# Keeping dew claws short?



## intothevoiddd (Feb 11, 2014)

I have a 1 year 3 month old GSD who absolutely HAAATES having his nails trimmed. He is usually a very well mannered dog, but once he realizes hes getting nails cut all **** breaks loose and he becomes aggressive and defiant. Despite the fact that I have never nicked him or caused him any pain while nail cutting, he's just not into it. We have been able to keep the nail situation under control by walking him daily for ~30 minutes on pavement. This has done a great a job of keeping his nails nice and short and filed down. BUT, he has dew claws on both is front and back legs... and those need to be trimmed. When I trim them I literally have to pin him down to get it done. It is really awful, and I don't think it is really safe for either one of us. 

Is there anything I can do about this? I was considering trying a dremmel but I don't know if that will be any better than cutting.


----------



## dogma13 (Mar 8, 2014)

I had this problem with a dog several years ago.The only way I could trim his nails was to put a bowl of food down and do it with lighting speed as he ate.Every other dog I've had I conditioned by having them lay on their sides,touching their paws with the clippers,and giving treats.Clip one nail,treat,belly rub,quiet praise.When my dogs see the clippers they for down on their sides now.Some dogs take weeks or months to become cooperative.If you can clip one or two nails and he gets too stressed, stop and get him to relax,touch a paw with the clippers and done for the day.

This always worked well for me,with the exception of the one crazy Blue Heeler


----------



## MadLab (Jan 7, 2013)

I usually don't bother cutting dew claws. But I have done while cutting the rest of the dogs nails.

I put my dogs into a lying down position verbally. I started this by teaching a down and roll over using food reward and sometimes positioning the dog like from a down to a roll, or a roll over from on side to the other, by hand. 

I would aim to get the dog used to this position before you actually try to cut it's nails. You teach the dog it is no stress to lie down on back or on there sides and you mean them no harm in this position. 
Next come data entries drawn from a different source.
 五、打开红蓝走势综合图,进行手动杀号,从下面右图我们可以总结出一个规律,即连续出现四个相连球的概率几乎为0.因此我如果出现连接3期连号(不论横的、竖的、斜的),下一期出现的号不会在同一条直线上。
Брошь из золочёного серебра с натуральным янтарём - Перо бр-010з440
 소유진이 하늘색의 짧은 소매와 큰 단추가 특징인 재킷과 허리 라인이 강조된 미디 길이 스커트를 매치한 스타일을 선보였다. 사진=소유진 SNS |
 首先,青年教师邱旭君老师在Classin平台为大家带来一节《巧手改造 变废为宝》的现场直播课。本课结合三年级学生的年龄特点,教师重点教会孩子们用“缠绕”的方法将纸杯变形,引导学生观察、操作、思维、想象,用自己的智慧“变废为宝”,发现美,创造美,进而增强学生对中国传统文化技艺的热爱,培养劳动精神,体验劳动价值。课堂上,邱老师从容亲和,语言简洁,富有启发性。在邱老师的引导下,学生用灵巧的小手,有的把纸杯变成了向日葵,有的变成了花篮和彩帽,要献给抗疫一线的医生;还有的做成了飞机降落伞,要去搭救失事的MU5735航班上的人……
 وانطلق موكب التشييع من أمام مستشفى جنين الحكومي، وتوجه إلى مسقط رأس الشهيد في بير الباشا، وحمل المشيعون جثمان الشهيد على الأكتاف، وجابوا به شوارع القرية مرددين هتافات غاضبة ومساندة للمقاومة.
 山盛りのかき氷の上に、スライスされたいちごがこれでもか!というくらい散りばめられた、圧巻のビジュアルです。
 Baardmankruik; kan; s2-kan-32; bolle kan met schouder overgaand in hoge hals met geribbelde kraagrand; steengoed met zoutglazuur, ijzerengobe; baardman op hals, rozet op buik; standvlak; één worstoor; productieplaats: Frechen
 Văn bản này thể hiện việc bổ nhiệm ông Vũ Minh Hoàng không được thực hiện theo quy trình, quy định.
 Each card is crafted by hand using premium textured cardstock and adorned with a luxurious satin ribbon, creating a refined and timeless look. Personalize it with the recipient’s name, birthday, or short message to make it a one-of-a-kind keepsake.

I apply a little force to the dog if it tries to wriggle out of these positions. I will use verbal corrections and a touch to the dogs neck to keep it down and take any pressure of as soon as dog relaxes and accepts position. If a dog is really uncomfortable it needs one hand ready to grab it at the top of the back leg on the body, and one on the neck.

Like it may squirm when you actually start the job. So to desensitize the dog you get it comfortable and simply click the cutter you are using around the dog without touching it so he gets used to the sound. You also touch the dogs feet by hand and with the tool, touch the nails. Touch a bit, let dog relax, do it again and again. The time the dog takes to relax always decreases if you are steady, ready to correct and determined to do it in least stress to the dog. 

The dog gets used to it anyways, it needs to be stable on the ground and you to have control if injured or in this case getting nails cut or treated. I do the same desensitizing if dogs needs ears cleaned. Dog on ground side ways and roll over to do other side.

My dogs will go into this side ways lying down on command and are comfortable there as majority of time I put them in this position they do not get operated on, just inspected. They do not associate the lying down with correction or operation. When released the dog simply shakes and is normal.


----------



## intothevoiddd (Feb 11, 2014)

Thanks guys! I just got him to lay down and really gently and quickly went in and got them while distracting him. He didn't even flinch, I don't think he even knew what I was doing haha.


----------